-- Opening Marker --
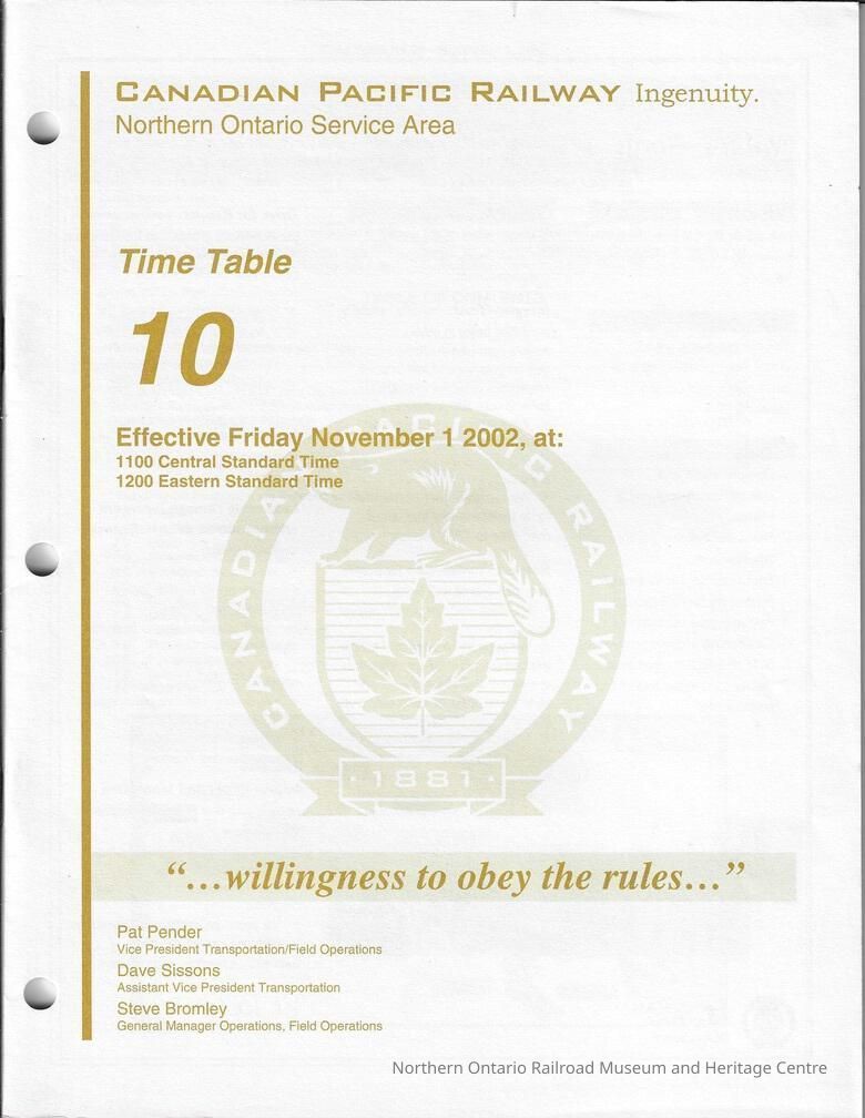 CP Rail Northern Ontario Service Area Timetable 10Entry/Object ID
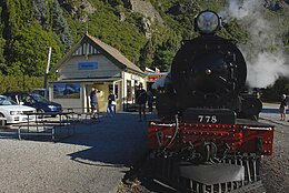 The village is the base for the Kingston Flyer, a tourist-oriented vintage passenger train pulled by one of two steam powered locomotives, one of the last of its kind in New Zealand.
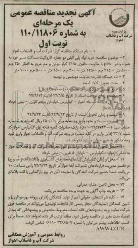 نام دستگاه مناقصه گذار: شرکت آب و فاضلاب اهواز
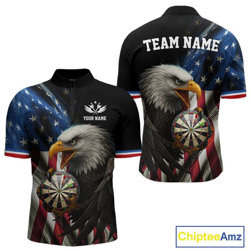 American Flag Eagle Darts Shirt For Men Custom Patriotic Darts Jersey Team Polo & Quarter Zip TDM5012
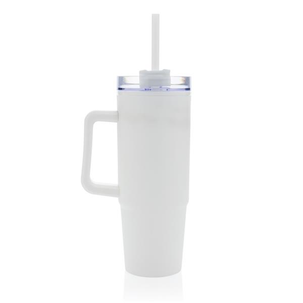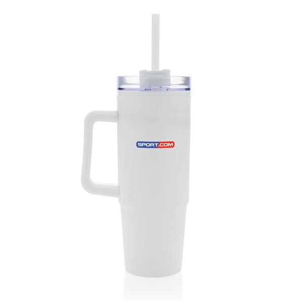 Kubek podróżny 900 ml, ergonomiczny uchwyt, obrotowe wieczko trzema pozycjami (dziubek do picia, otwór na słomkę, zamknięte), wykonany z materiałów z recyklingu, całkowita zawartość materiałów obliczona na podstawie wagi całkowitej przedmiotu: 80%, wyłącznie mycie ręczne, w pudełku z papieru kraftowego
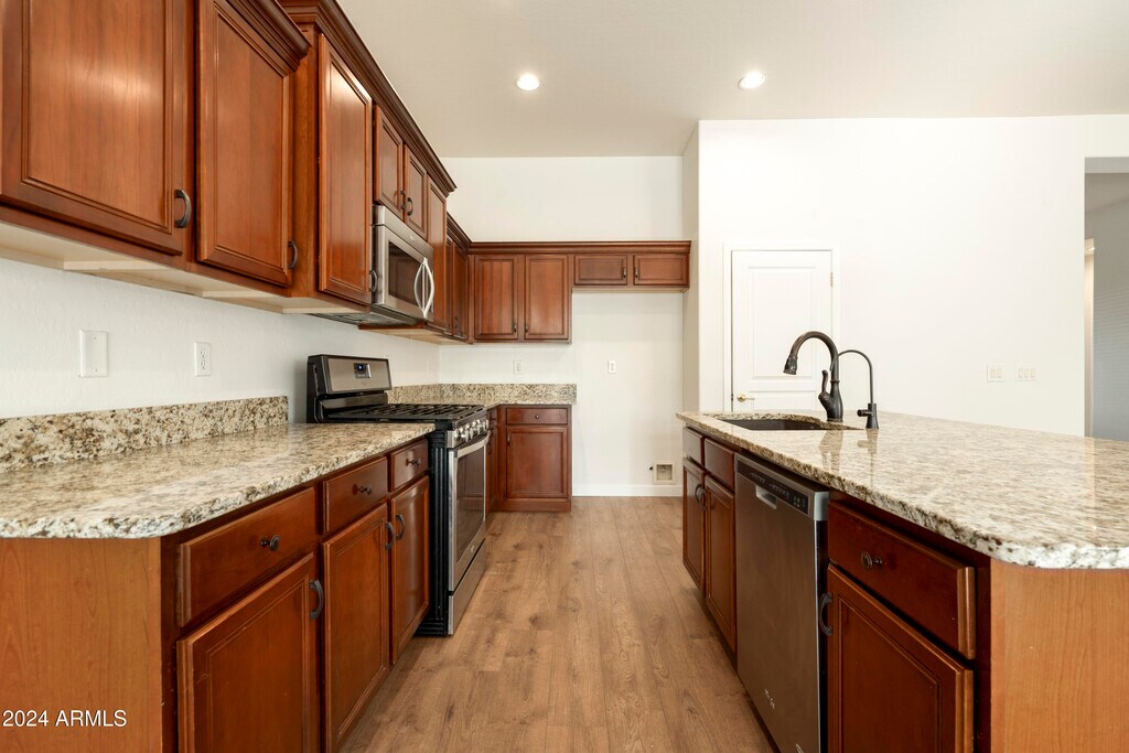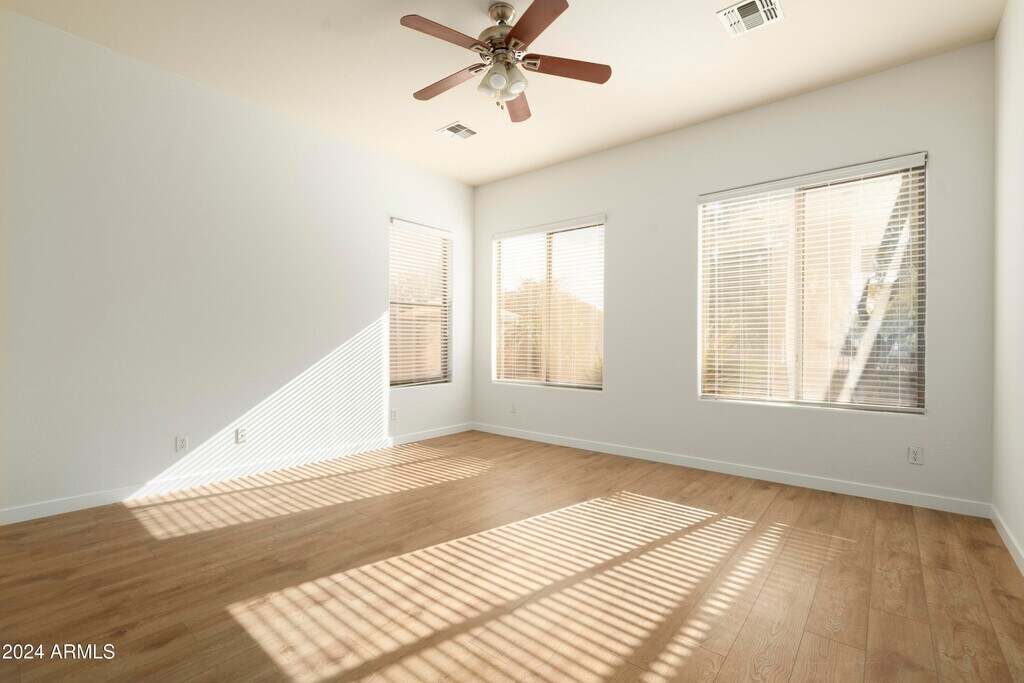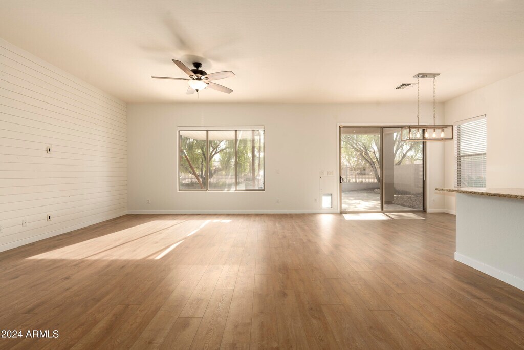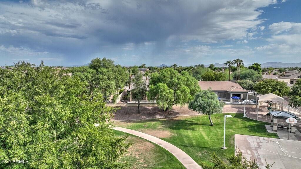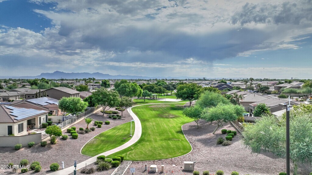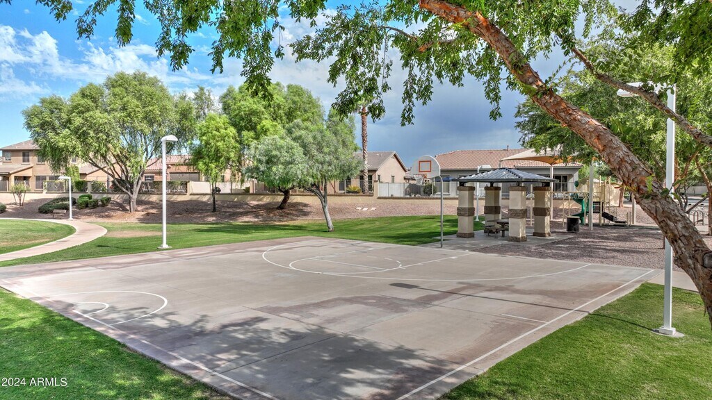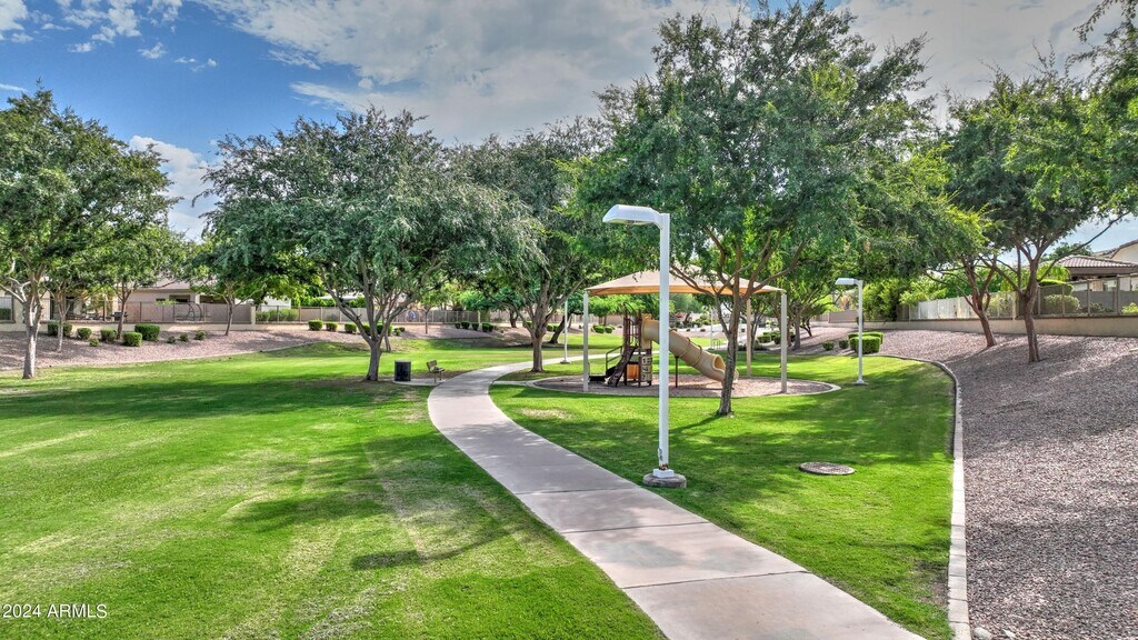 This beautifully maintained 3-bedroom,2-bathroom home is nestled in a quiet,secluded community. The spacious,open floor plan,with its high ceilings and ample natural light,creates a warm and inviting atmosphere,perfect for both relaxed living and entertaining. The backyard is surrounded by lush landscaping,featuring an expansive patio with a BBQ area ideal for gatherings,while the swing set and play gym keep the kids entertained. Just minutes from the Epicenter and Agritopia,you'll have convenient access to Gilbert's best dining and shopping options,making this the perfect place to call home. Includes a brand new fridge and washer/dryer.
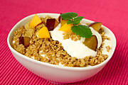 U mnie dziś na śniadanie jogurt naturalny z musli imbirowym oraz owocami
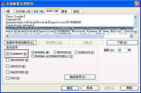 在Windows XP中,关闭所有打开的程序,依次打开“开始→运行”,将出现“运行”对话框,键入“msconfig”并单击“确定”。 在出现的“系统配置实用程序”界面中打开“BOOT.INI”选项卡,选中“/SAFEBOOT”选项,然后单击“确定”。将提示重新启动计算机。单击“重新启动”。这样电脑就将以安全模式重新启动(如图)。
-- Closing Marker --
§ **What you need to do**:
Reproduce all of the entries above word for word, but leave out their pictures.

§ **Answer to the exercise**:
 CP Rail Northern Ontario Service Area Timetable 10Entry/Object ID
 The village is the base for the Kingston Flyer, a tourist-oriented vintage passenger train pulled by one of two steam powered locomotives, one of the last of its kind in New Zealand.
 نام دستگاه مناقصه گذار: شرکت آب و فاضلاب اهواز
 American Flag Eagle Darts Shirt For Men Custom Patriotic Darts Jersey Team Polo & Quarter Zip TDM5012
 Kubek podróżny 900 ml, ergonomiczny uchwyt, obrotowe wieczko trzema pozycjami (dziubek do picia, otwór na słomkę, zamknięte), wykonany z materiałów z recyklingu, całkowita zawartość materiałów obliczona na podstawie wagi całkowitej przedmiotu: 80%, wyłącznie mycie ręczne, w pudełku z papieru kraftowego
 This beautifully maintained 3-bedroom,2-bathroom home is nestled in a quiet,secluded community. The spacious,open floor plan,with its high ceilings and ample natural light,creates a warm and inviting atmosphere,perfect for both relaxed living and entertaining. The backyard is surrounded by lush landscaping,featuring an expansive patio with a BBQ area ideal for gatherings,while the swing set and play gym keep the kids entertained. Just minutes from the Epicenter and Agritopia,you'll have convenient access to Gilbert's best dining and shopping options,making this the perfect place to call home. Includes a brand new fridge and washer/dryer.
 U mnie dziś na śniadanie jogurt naturalny z musli imbirowym oraz owocami
 在Windows XP中,关闭所有打开的程序,依次打开“开始→运行”,将出现“运行”对话框,键入“msconfig”并单击“确定”。 在出现的“系统配置实用程序”界面中打开“BOOT.INI”选项卡,选中“/SAFEBOOT”选项,然后单击“确定”。将提示重新启动计算机。单击“重新启动”。这样电脑就将以安全模式重新启动(如图)。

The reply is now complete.